Using a DNA-based scaffold carrying viral proteins, researchers created a vaccine that provokes a strong antibody response against SARS-CoV-2.

Using a virus-like delivery particle made from DNA, researchers from MIT and the Ragon Institute of MGH, MIT, and Harvard have created a vaccine that can induce a strong antibody response against SARS-CoV-2.

The vaccine, which has been tested in mice, consists of a DNA scaffold that carries many copies of a viral antigen. This type of vaccine, known as a particulate vaccine, mimics the structure of a virus. Most previous work on particulate vaccines has relied on protein scaffolds, but the proteins used in those vaccines tend to generate an unnecessary immune response that can distract the immune system from the target.

In the mouse study, the researchers found that the DNA scaffold does not induce an immune response, allowing the immune system to focus its antibody response on the target antigen.

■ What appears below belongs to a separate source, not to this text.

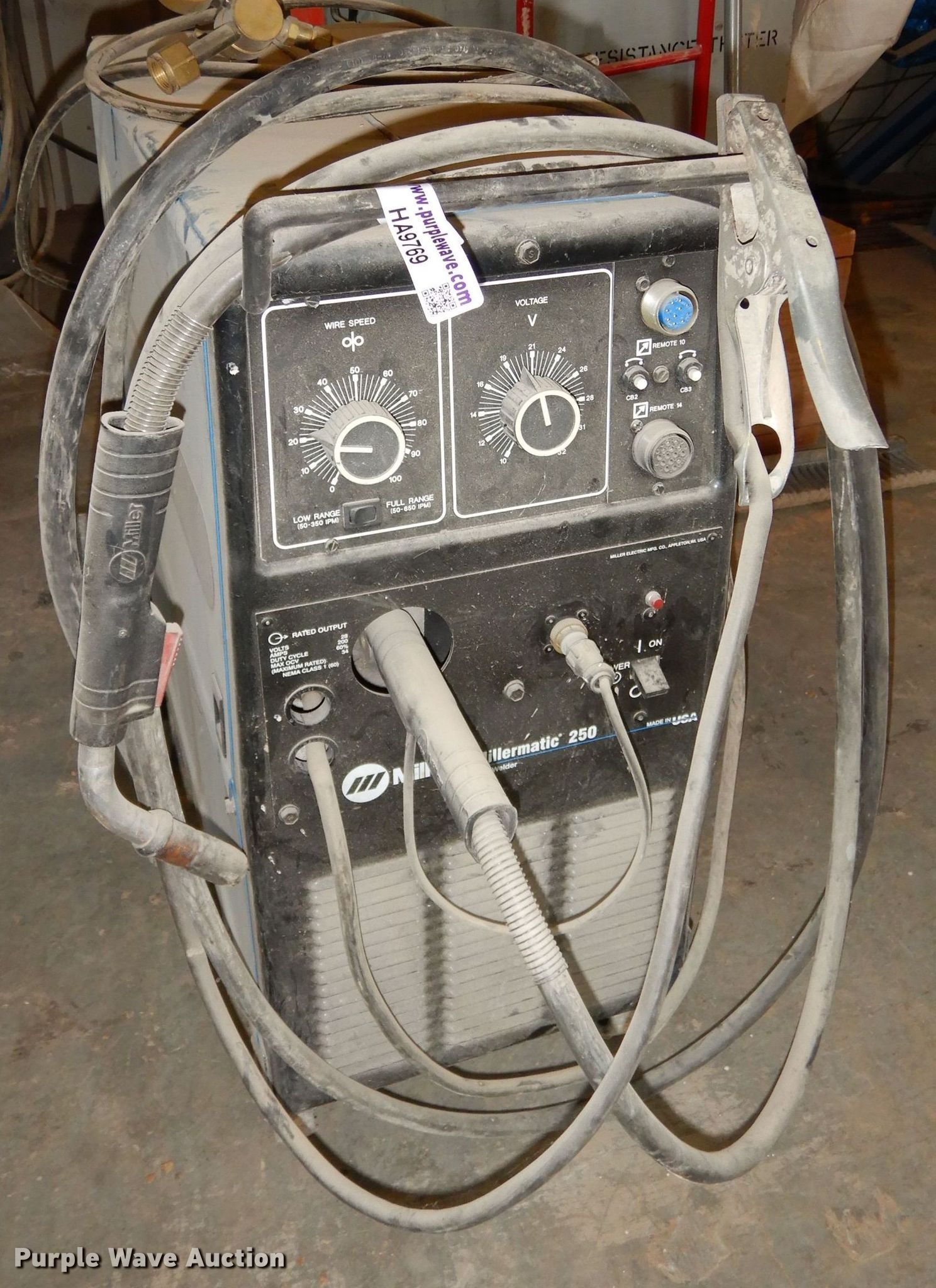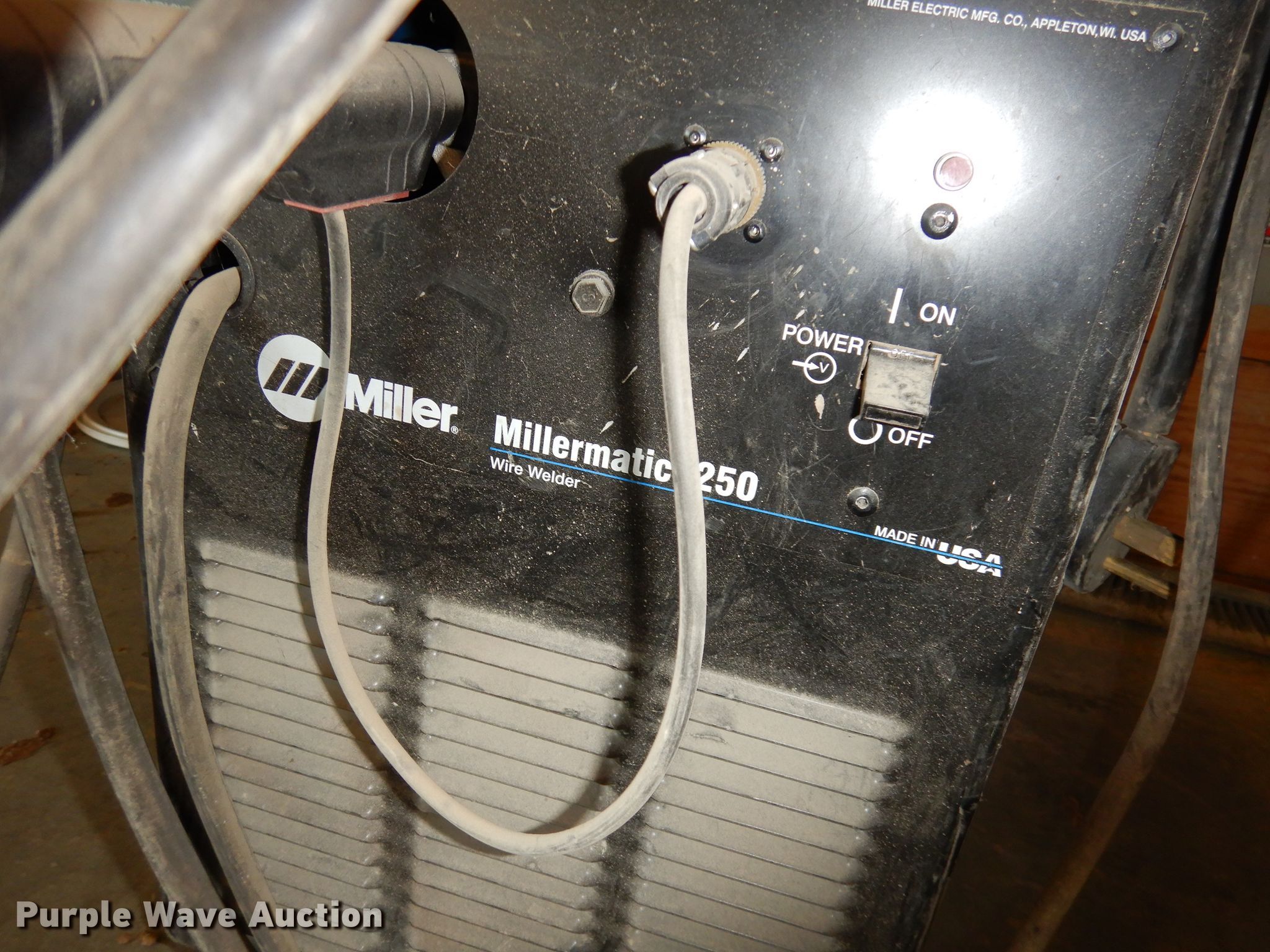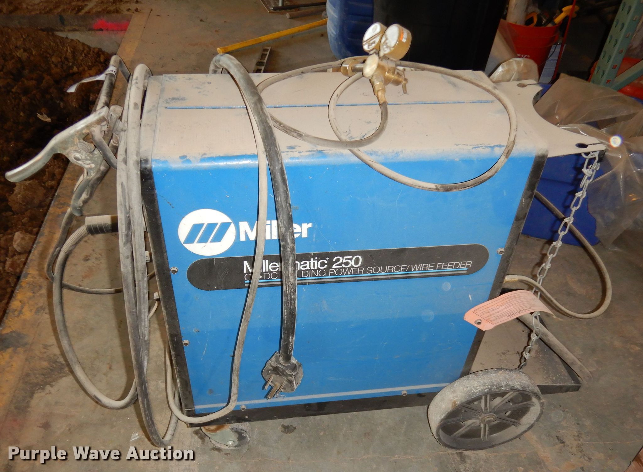 Purple Wave is selling a used Welder (Manual) in Kansas. This item is a Miller Millermatic 250 CV/DC wire welder with the following: Single phase, Gauges, Leads, Wire nozzle, Unknown operating condition

“DNA, we found in this work, does not elicit antibodies that may distract away from the protein of interest,” says Mark Bathe, an MIT professor of biological engineering. “What you can imagine is that your B cells and immune system are being fully trained by that target antigen, and that’s what you want — for your immune system to be laser-focused on the antigen of interest.”

This approach, which strongly stimulates B cells (the cells that produce antibodies), could make it easier to develop vaccines against viruses that have been difficult to target, including HIV and influenza, as well as SARS-CoV-2, the researchers say. Unlike T cells, which are stimulated by other types of vaccines, these B cells can persist for decades, offering long-term protection.